Marcelo nega favorecimento
O Presidente da República nega qualquer favorecimento e garante: "olhei para o meu filho como qualquer cidadão".
“É o próprio Dr. Levy Gomes [diretor de neuropediatria do Hospital Santa Maria] que diz que eu lhe disse que não havia privilégio nenhum para ninguém e, por maioria de razão, para filho de Presidente. E este procedimento mostra isso. A posição da Dra. Maria João Ruela e do chefe da Casa Civil são muito claras sobre a convicção que havia de que realmente havia uma prioridade a dar a doentes residentes em Portugal ou que se encontrassem em Portugal e que não era previsível que houvesse uma resposta rápida àquela pretensão. É isso que resulta da documentação”, declarou Marcelo Rebelo de Sousa.
Questionado pelos jornalistas, Marcelo Rebelo de Sousa responde que tem todas as garantias para continuar no cargo de Presidente da República.

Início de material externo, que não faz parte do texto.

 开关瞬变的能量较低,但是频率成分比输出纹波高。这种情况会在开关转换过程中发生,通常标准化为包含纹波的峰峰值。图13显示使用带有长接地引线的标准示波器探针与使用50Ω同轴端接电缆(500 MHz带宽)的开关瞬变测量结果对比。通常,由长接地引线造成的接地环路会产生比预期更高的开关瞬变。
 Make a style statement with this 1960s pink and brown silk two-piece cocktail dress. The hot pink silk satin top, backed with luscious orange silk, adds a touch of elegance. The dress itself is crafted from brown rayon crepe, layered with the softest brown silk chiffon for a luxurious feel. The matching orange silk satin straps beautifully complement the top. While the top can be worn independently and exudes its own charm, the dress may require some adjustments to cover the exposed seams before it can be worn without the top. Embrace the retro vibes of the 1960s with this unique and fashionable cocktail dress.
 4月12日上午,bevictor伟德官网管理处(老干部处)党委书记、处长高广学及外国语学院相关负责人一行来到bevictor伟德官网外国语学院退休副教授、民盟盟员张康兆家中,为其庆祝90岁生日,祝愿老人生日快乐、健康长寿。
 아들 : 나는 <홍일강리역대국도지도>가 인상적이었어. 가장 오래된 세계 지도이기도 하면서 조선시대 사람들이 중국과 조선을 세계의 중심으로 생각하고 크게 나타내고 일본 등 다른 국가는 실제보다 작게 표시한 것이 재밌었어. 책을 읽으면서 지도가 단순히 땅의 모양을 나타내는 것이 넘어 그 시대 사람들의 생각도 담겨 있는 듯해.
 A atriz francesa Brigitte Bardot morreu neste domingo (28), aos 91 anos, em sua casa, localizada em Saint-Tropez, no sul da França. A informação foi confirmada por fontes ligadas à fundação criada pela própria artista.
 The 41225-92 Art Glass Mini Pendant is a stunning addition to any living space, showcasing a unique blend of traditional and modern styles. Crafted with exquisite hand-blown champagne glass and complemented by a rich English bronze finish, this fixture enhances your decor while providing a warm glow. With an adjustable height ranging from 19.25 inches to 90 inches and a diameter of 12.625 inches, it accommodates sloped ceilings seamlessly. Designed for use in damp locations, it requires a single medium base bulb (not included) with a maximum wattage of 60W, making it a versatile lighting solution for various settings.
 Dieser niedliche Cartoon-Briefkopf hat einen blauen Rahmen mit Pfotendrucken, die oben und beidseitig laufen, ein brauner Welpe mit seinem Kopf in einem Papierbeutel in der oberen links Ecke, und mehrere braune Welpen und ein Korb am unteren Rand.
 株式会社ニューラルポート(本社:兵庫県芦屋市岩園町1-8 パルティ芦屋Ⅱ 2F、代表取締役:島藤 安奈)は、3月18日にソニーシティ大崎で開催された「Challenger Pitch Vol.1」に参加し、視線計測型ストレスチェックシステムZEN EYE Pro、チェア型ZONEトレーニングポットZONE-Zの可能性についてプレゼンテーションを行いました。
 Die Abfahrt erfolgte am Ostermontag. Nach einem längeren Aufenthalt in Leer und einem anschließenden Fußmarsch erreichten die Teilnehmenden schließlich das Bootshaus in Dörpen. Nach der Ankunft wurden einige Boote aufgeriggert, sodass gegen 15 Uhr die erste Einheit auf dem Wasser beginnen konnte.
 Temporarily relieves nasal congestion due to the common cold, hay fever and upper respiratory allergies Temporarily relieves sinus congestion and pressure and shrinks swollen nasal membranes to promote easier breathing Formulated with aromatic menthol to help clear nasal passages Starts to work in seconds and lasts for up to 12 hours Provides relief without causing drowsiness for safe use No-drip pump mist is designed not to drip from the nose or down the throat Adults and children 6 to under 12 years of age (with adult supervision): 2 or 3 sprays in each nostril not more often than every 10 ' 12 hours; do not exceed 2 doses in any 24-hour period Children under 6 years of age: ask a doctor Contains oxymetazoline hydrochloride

"Ai certamente. Fica claro que o Presidente da República Portuguesa, perante o pedido de um cidadão como qualquer outro, dá um despacho mais neutral e igual ao que deu em 'N' casos, respeita os contactos feitos pela consultora e a posição do chefe da Casa Civil e não há uma intervenção do Presidente da República pelo facto de ser filho ou não ser filho. E depois de ter ido para a presidência do Conselho de Ministros? Isso não sei", adiantou.
O Ministério Público confirmou em 24 de novembro que instaurou um inquérito sobre o caso de duas gémeas vindas do Brasil que foram tratadas no Hospital Santa Maria com o medicamento Zolgensma, um dos medicamentos mais caros do mundo.
Este caso foi revelado por reportagens da TVI, transmitidas desde 3 de novembro, que relatam que duas gémeas de origem brasileira, que entretanto adquiriram nacionalidade portuguesa, vieram a Portugal em 2019 receber o medicamento Zolgensma para a atrofia muscular espinhal, o que representou um custo total de quatro milhões de euros.
A TVI tem repetido que neste caso há suspeitas de influência do Presidente da República, Marcelo Rebelo de Sousa, que negou qualquer interferência.
O caso está também a ser analisado pela Inspeção-Geral das Atividades em Saúde (IGAS) e é objeto de uma auditoria interna no Centro Hospitalar Universitário de Lisboa Norte, do qual faz parte o Hospital de Santa Maria.